An advisory committee recommended that the FDA revoke the accelerated approval for pembrolizumab (Keytruda) as a third-line option in gastric or gastroesophageal junction (GEJ) cancer.
With a vote of 6-2, the Oncologic Drugs Advisory Committee (ODAC) on Thursday recommended against maintaining the PD-1 immune checkpoint inhibitor's indication for patients with metastatic or recurrent locally advanced gastric or GEJ cancers with tumors expressing PD-L1.
Committee members overwhelmingly cited the new availability of a PD-1 inhibitor, in combination with chemotherapy, in the upfront setting, as well as the fact that patients who have already received chemotherapy alone as their initial therapy could still access pembrolizumab through expanded use programs.
"I do not believe the data support continued use of single-agent pembrolizumab in the third-line setting," said Colin Weekes, MD, PhD, of Massachusetts General Hospital in Boston, explaining his vote to pull the indication.
"The landscape has changed," said Christopher Lieu, MD, of the University of Colorado in Aurora, who also voted to pull the indication. "It is highly likely that by third-line therapy, patients will have received some form of immune checkpoint therapy."
Diane Reidy-Lagunes, MD, of Memorial Sloan Kettering Cancer Center in New York City, expressed concern over access to the drug if the indication was revoked, and said the original data that led to the accelerated approval showed some patients achieve durable responses with single-agent use.
"For those of us who use these therapies, often there is a tail of the curve, and it would be terribly devastating for a patient to not receive the therapy," she said, explaining her vote to maintain the approval. "[While] recognizing there are access programs, with disparities of healthcare and differences in the way that patients are treated throughout our country, I was nervous that they may not be able to get that."
Lieu suggested "there should be strong consideration given to delaying the removal of this indication, at least for several months," to cover patients currently in second-line treatment who have yet to receive immunotherapy.
Pamela Kunz, MD, of Yale University School of Medicine in New Haven, Connecticut, agreed, recommending a delay of 6 to 12 months to ensure patients have continued access.
"We don't want to leave patients in the lurch here without a therapy," said Richard Pazdur, MD, acting director of the Office of Oncologic Diseases at the FDA's Center for Drug Evaluation and Research, explaining the agency's position.
"We firmly believe that there is a role for checkpoint inhibitors in gastric cancer here," he said. "We believe that it's in the frontline therapy where a survival [benefit] has been shown."
Thursday's session was part of a 3-day ODAC review of accelerated approvals for checkpoint inhibitors where confirmatory trials have failed to demonstrate a significant benefit.
Staff from FDA noted that revoking the third-line approval would have no impact on tumor-agnostic accelerated approvals for pembrolizumab that might cover patients whose gastric or GEJ cancers have high tumor mutational burden, high microsatellite instability (MSI), or are mismatch repair (MMR) deficient.
FDA originally granted accelerated approval to pembrolizumab as a for gastric or GEJ cancers based on results of KEYNOTE-059. The trial demonstrated an overall response rate of 13.3% in 143 patients with PD-L1-positive tumors, as measured by a combined positive score (CPS) ≥1, and microsatellite stable disease or undetermined MSI or MMR status.

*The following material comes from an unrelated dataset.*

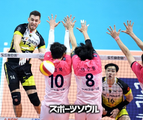 OK貯蓄銀行もソン・ミョングンとレオのプレーがさえわたり、1度もフルセットまでもつれこまない全勝を挙げる快挙を達成した。
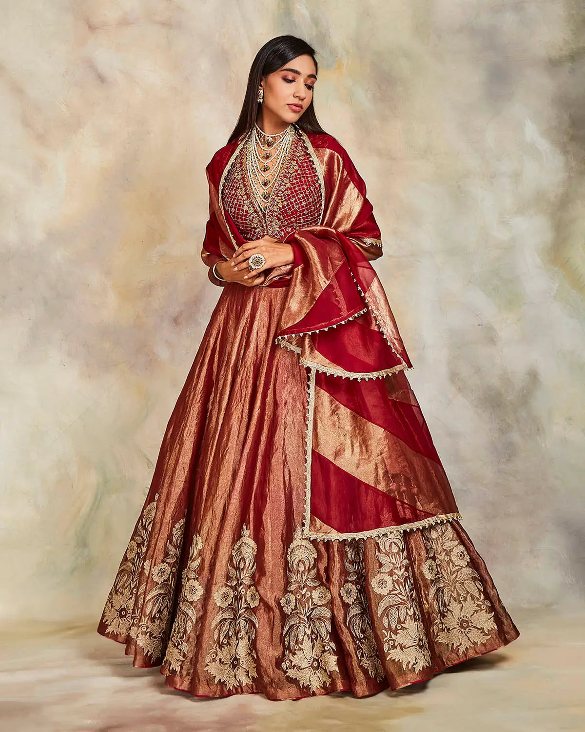 This maroon tissue lehenga has been enhanced with elegant aari work floral motifs. It comes with an embroidered raw silk blouse and a fabric blocked tissue -organza dupatta.

Complete responses were seen in 1.4% of patients, with more than half having responses beyond 6 months and a fourth having responses longer than a year.

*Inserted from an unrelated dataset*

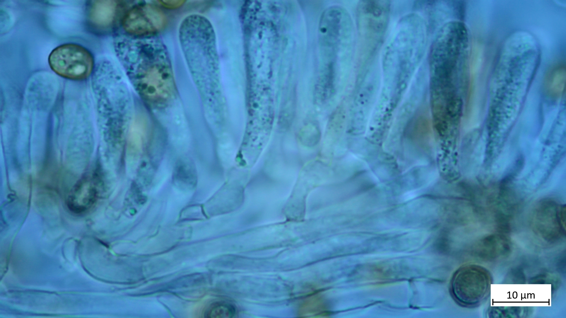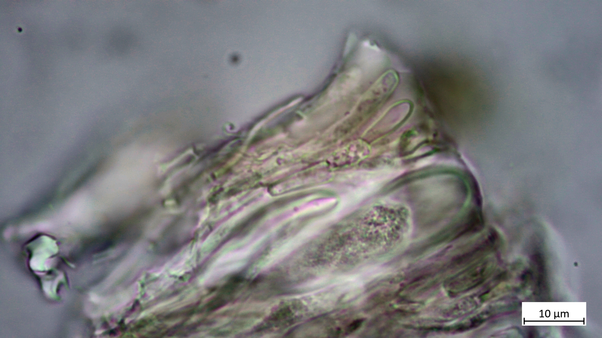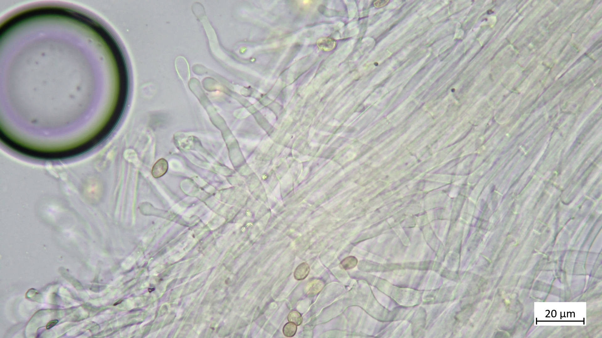 zur Galerina: auf dem 2. Bild der Basidien zeigst Du in der Mitte eine m.E. eindeutige Schnalle, wo die Zelle aufrecht aus der Trama herauswächst.

Full approval had been contingent on two trials, neither of which demonstrated superiority over chemotherapy. In the second-line trial, pembrolizumab monotherapy failed to improve overall survival versus paclitaxel for gastric or GEJ tumors with CPS ≥1. In the first-line KEYNOTE-062 trial, single-agent pembrolizumab failed to demonstrate superiority with or without chemotherapy versus chemotherapy alone in PD-L1-positive tumors (CPS ≥1).

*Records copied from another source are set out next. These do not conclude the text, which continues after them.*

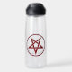 Rot, invertiert, strukturiert Pentagramm im Kreis, auf schwarzem Hintergrund. Okkultistisches Symbol. 666
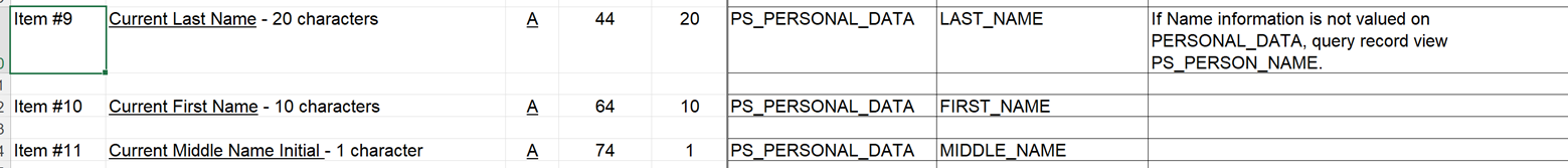 PeopleSoft record and field, field position in record, data type and size, vendor record, vendor field, vendor field position in record if available, vendor screen where data appears, PeopleSoft business logic that used to populate the field.
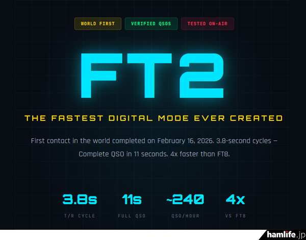 イタリアのIU8LMC局が開発したデジタル文字通信の「FT2」は、FT8やFT4と同じコーデックを使いながら、1回(片道)の送信サイクルがわずか約3.8秒(FT8よりも約4倍速い)、1局との交信に要する時間は最速の場合で約11秒というスピード感が特徴のモードだ(ただしデコード感度はFT8よりも約10dB悪く、1局あたりの帯域幅はFT8よりも3倍広い)。2月中旬に一般公開が始まり、早くも多くの局がテスト運用を行っている。

"KEYNOTE-061 and -062 are troubling in terms of their lack of positive data," said Lieu.
Sponsor Merck argued that four ongoing studies -- three combination trials in first-line, one in the neoadjuvant or adjuvant setting -- could serve as confirmatory studies for the third-line accelerated approval. But FDA staff and ODAC members pointed out that these trials would not help answer the question of whether third-line use would remain appropriate.
Concern was raised at one point that some oncologists might not hear about the recent first-line approval of nivolumab (Opdivo) for gastric or GEJ cancers, and that pembrolizumab might no longer be an option for their patients in later lines, but Pazdur shot down the notion.
"I have firm belief -- let me just tell you this -- in the marketing department of all of these large pharmaceutical companies to get the word out," he said.
Although the FDA is not required to follow its advisory committees' recommendations, it typically does.